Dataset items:
********************
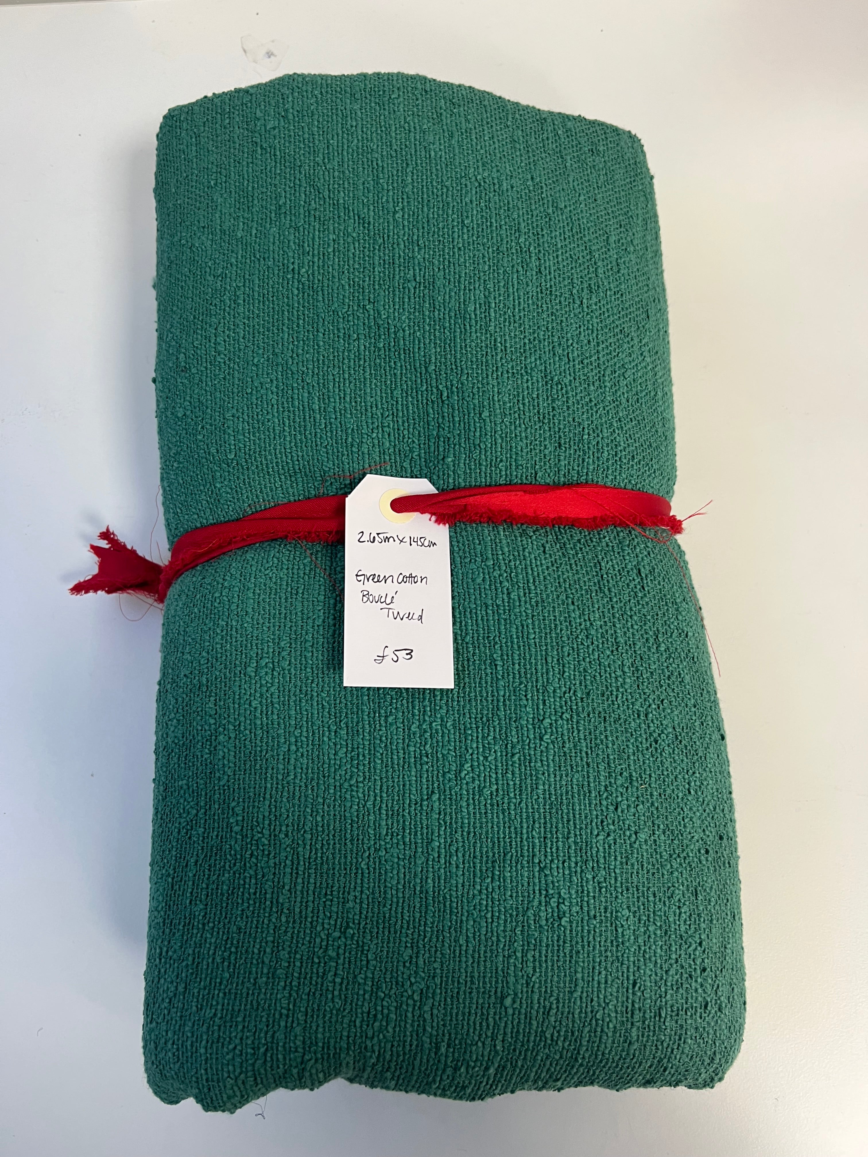 Green Cotton Bouclé Tweed Remnant
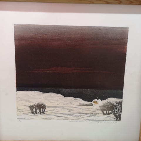 Knut Frøysaa, maler og grafiker (1919-1987). Grafikk 1973 nr. 23/50. Synlig grafisk blad har B=40 og H=48. Pen ramme med mål: B= 58 cm og H=73 cm.
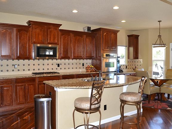 Incredible ranch style home in the community of Vista Ridge home of Colorado National Golf Course. Walking distance from the club house/driving range/community center/pool. Lovely open floor plan with gourmet kitchen including stainless steel appliances, granite counter tops, custom tile back-splash and 36" cherry wood cabinets (including pullouts). Great for entertaining! House includes beautiful black walnut hardwood floors (5" planks) stretched through most of the main floor. Enjoy a cup of coffee in the nook area with bay window looking out to the number one hole of the golf course. Beautiful large master bedroom, 5 piece master bath with Travertine Tile. Main floor also has guest bedroom with private bath and office (could convert into bedroom). Walk out lower level living (9ft ceilings) Professionally finished by builder, acts like a second living room with an extended media room. Two extra bedrooms with full bath. Great for guests and entertaining with Pool/snooker table.
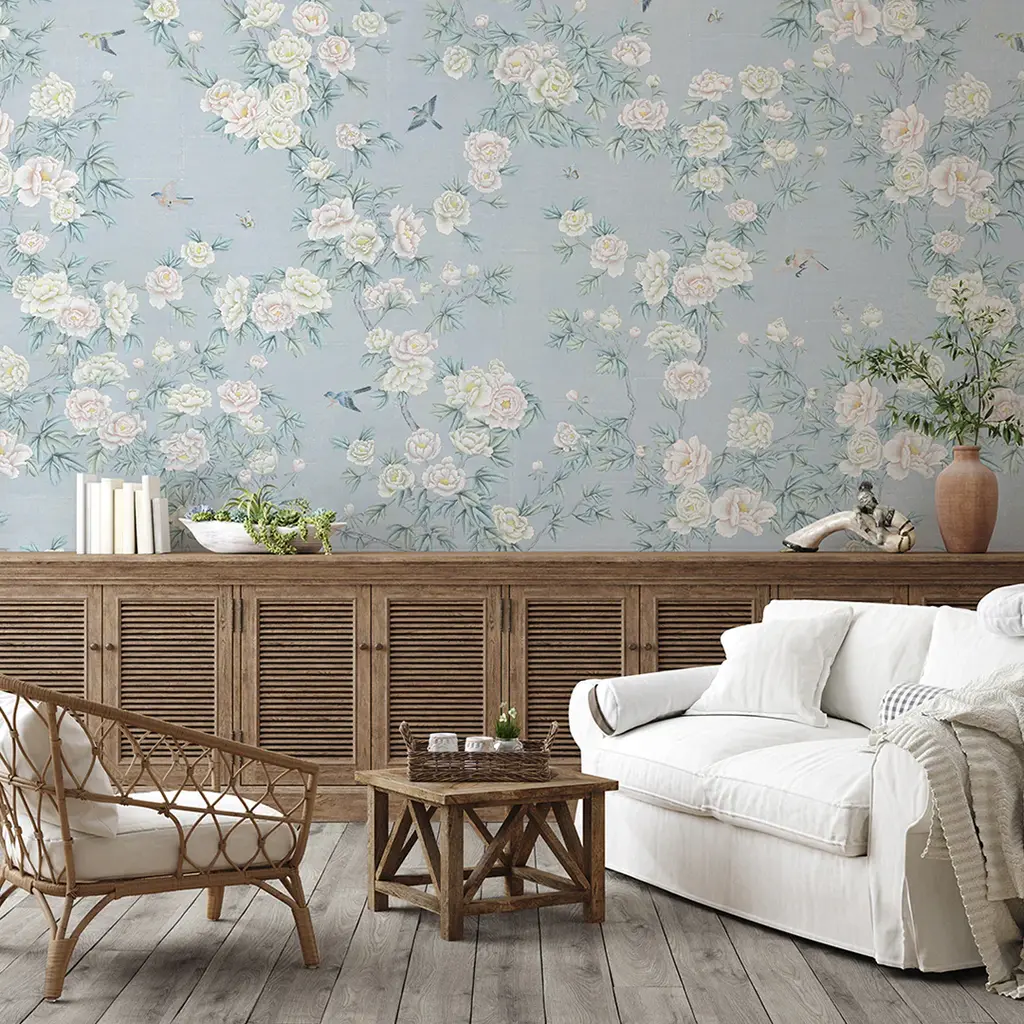Soothing tones, flourishing peonies, and soaring birds come together to create a serene chinoiserie mural wallpaper in Lillian's classic blue. This wall mural is available in 3 unique panels, each sold separately. To purchase a sample of this mural, please visit our Wall Mural Sample listing. Ships In 5-6 Weeks Ships In 5-6 Weeks Ships In 5-6 Weeks Ships In 5-6 Weeks Ships In 5-6 Weeks Ships In 5-6 Weeks Ships In 5-6 Weeks Ships In 5-6 Weeks Ships In 5-6 Weeks Ships In 5-6 Weeks Ships In 5-6 Weeks Ships In 5-6 Weeks Design height is 120" Covers 30 sq. ft. per panel Made to order This image is for illustrative purposes only. The colors shown are accurate within the constraints of lighting, photography, and the color accuracy of your screen.
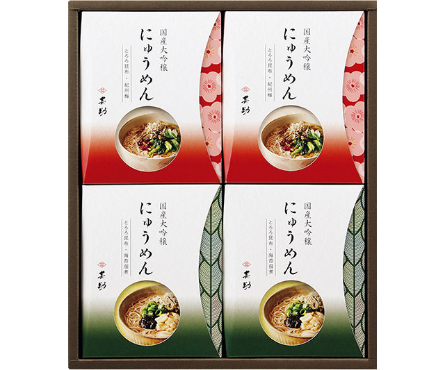 国産小麦の中心部でつくった素麺を、とろろ昆布などの具材とともに味わえるにゅうめんの詰合せです。2分ゆでるだけで風味豊かな美味しさをお楽しみいただけます。
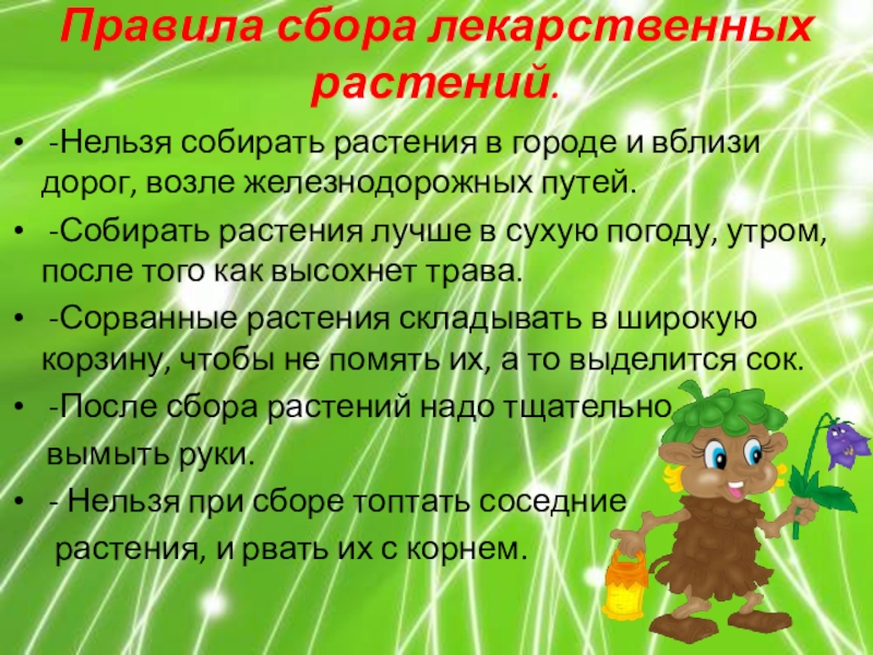 Правила сбора лекарственных растений.  -Нельзя собирать растения в городе и вблизи дорог, возле железнодорожных путей. -Собирать растения лучше
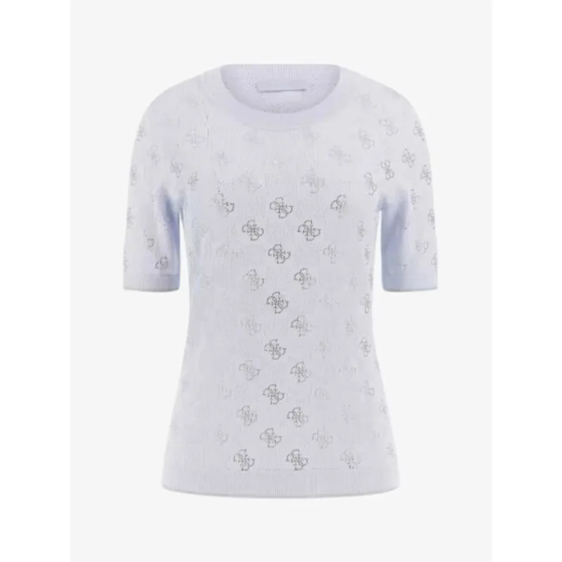 Het Guess Rosie T-shirt 4g in Sky High heeft een gewoven kwaliteit met stretch. De top heeft een lurex draadje op de mouwen en aan de onderkant en een logo met strass stenen.
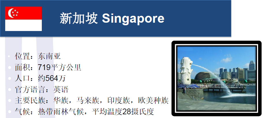 新加坡政府工作語言是英語,全民英語素質(zhì)好,加上77%的華人,形成特殊的雙語環(huán)境,為中國學生提供了一個極其容易適應的語言環(huán)境,除此之外,國內(nèi)到新加坡航班一般5-7個小時即可到達。
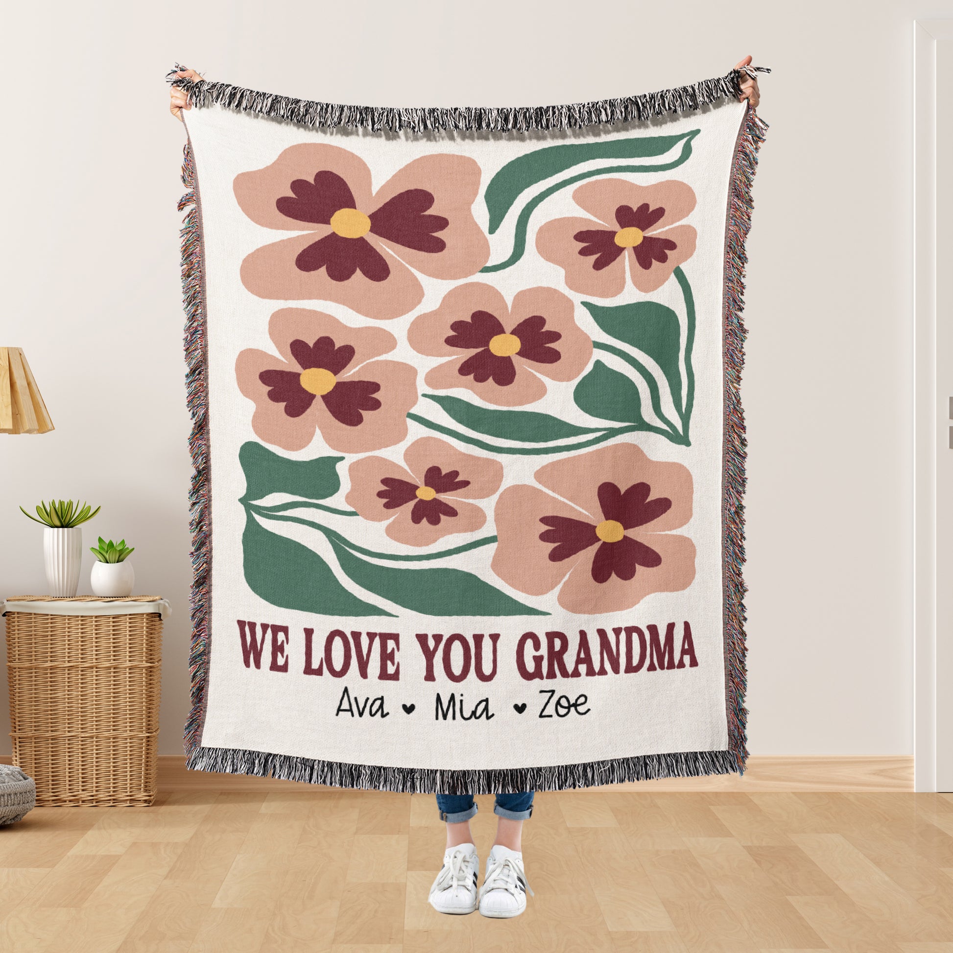 Wrap Grandma in love with our 100% cotton woven blanket, beautifully personalized with your family’s names and the heartfelt message “We Love You Grandma.” Each blanket is carefully woven, not printed, giving it a rich texture and timeless quality. Made from soft, premium cotton, it’s perfect for cozy movie nights, afternoon naps, or adding a warm touch to any room. A meaningful gift she’ll treasure forever, ideal for birthdays, Christmas, Mother’s Day or any moment you want to make her feel special.
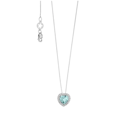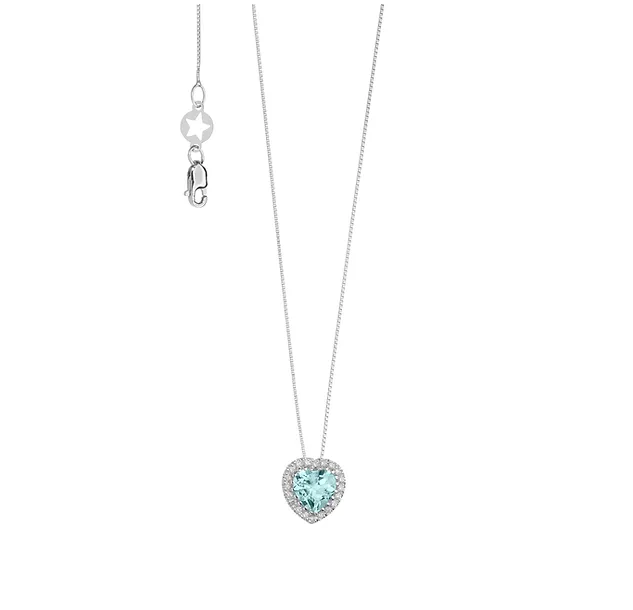 Girocollo in Oro bianco 750. Diamanti P.Ct.8 Colore G Purezza SI, Aquamarina Prestige taglio Cuore 6×6 Ct. 0,75
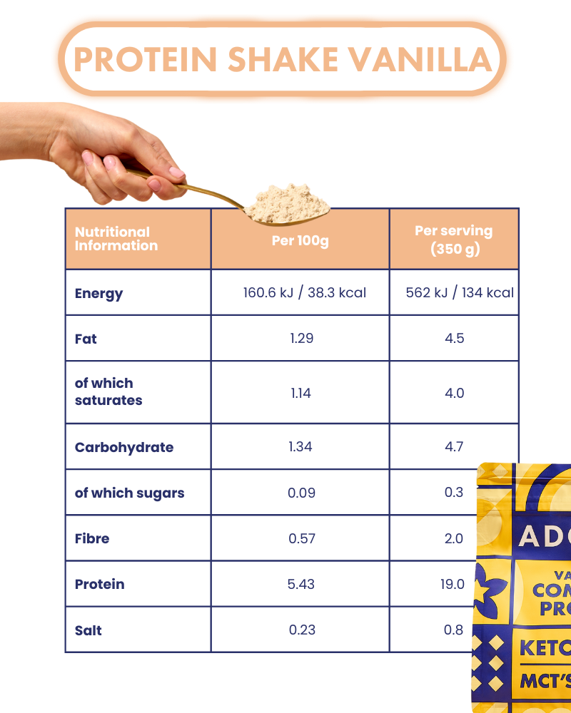 Your Keto-friendly Vanilla High-Protein Shake — 19g plant-based protein, only 0.3g sugar, enriched with MCT's and 17 vitamins & minerals.
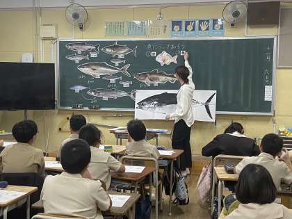 大阪市の「食育の推進活動」で、4年生の各クラスでは、お魚の栄養について教えていただきました。
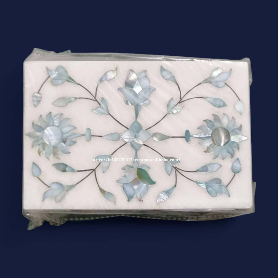 Blue Best Design MOP Premium Boîte d'incrustation de marbre moderne décorative attrayante avec utilisation de matériel de nacre pour le stockage de bijoux
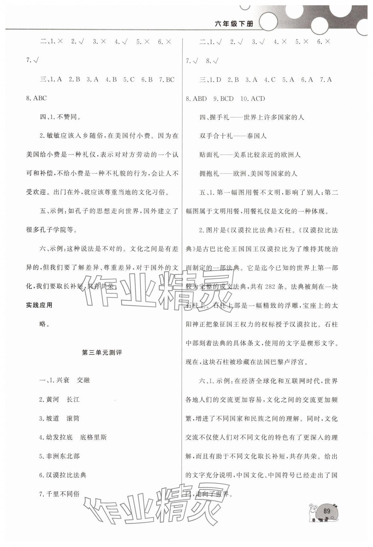 注:目前有些书本章节名称可能整理的还不是很完善,但都是按照顺序排列的,请同学们按照顺序仔细查找。练习册 2025年同步练习山东文艺出版社六年级道德与法治下册人教版 答案主要是用来给同学们做完题方便对答案用的,请勿直接抄袭。
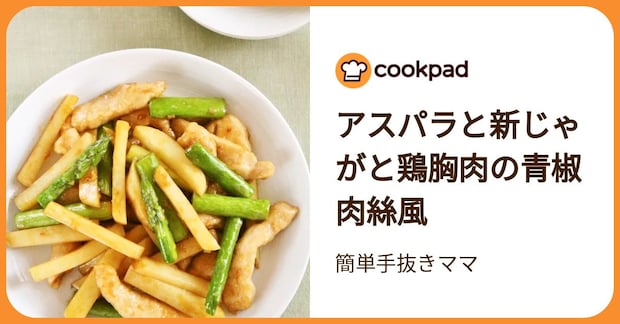 皮付のじゃがいもを細切りにした皮付きのじゃがいもと、そぎ切りにした鶏胸肉などを青椒肉絲風にアレンジ!緑のアスパラがいいアクセントに。
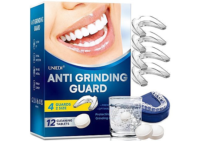 Este protector bucal de UNIEDI destaca por su material libre de BPA y su formato moldeable. El set incluye cuatro férulas en dos tamaños, lo que facilita encontrar el ajuste adecuado y permite personalizar el recorte según la forma de la boca.
********************
* **EXERCISE INSTRUCTIONS**
In the copy, include exactly the lines from the one with "Правила сбора лекарственных" through the final line of the data, both ends included, and no pictures.

* **RESPONSE TO THIS TASK**
 Правила сбора лекарственных растений.  -Нельзя собирать растения в городе и вблизи дорог, возле железнодорожных путей. -Собирать растения лучше
 Het Guess Rosie T-shirt 4g in Sky High heeft een gewoven kwaliteit met stretch. De top heeft een lurex draadje op de mouwen en aan de onderkant en een logo met strass stenen.
 新加坡政府工作語言是英語,全民英語素質(zhì)好,加上77%的華人,形成特殊的雙語環(huán)境,為中國學生提供了一個極其容易適應的語言環(huán)境,除此之外,國內(nèi)到新加坡航班一般5-7個小時即可到達。
 Wrap Grandma in love with our 100% cotton woven blanket, beautifully personalized with your family’s names and the heartfelt message “We Love You Grandma.” Each blanket is carefully woven, not printed, giving it a rich texture and timeless quality. Made from soft, premium cotton, it’s perfect for cozy movie nights, afternoon naps, or adding a warm touch to any room. A meaningful gift she’ll treasure forever, ideal for birthdays, Christmas, Mother’s Day or any moment you want to make her feel special.
 Girocollo in Oro bianco 750. Diamanti P.Ct.8 Colore G Purezza SI, Aquamarina Prestige taglio Cuore 6×6 Ct. 0,75
 Your Keto-friendly Vanilla High-Protein Shake — 19g plant-based protein, only 0.3g sugar, enriched with MCT's and 17 vitamins & minerals.
 大阪市の「食育の推進活動」で、4年生の各クラスでは、お魚の栄養について教えていただきました。
 Blue Best Design MOP Premium Boîte d'incrustation de marbre moderne décorative attrayante avec utilisation de matériel de nacre pour le stockage de bijoux
 注:目前有些书本章节名称可能整理的还不是很完善,但都是按照顺序排列的,请同学们按照顺序仔细查找。练习册 2025年同步练习山东文艺出版社六年级道德与法治下册人教版 答案主要是用来给同学们做完题方便对答案用的,请勿直接抄袭。
 皮付のじゃがいもを細切りにした皮付きのじゃがいもと、そぎ切りにした鶏胸肉などを青椒肉絲風にアレンジ!緑のアスパラがいいアクセントに。
 Este protector bucal de UNIEDI destaca por su material libre de BPA y su formato moldeable. El set incluye cuatro férulas en dos tamaños, lo que facilita encontrar el ajuste adecuado y permite personalizar el recorte según la forma de la boca.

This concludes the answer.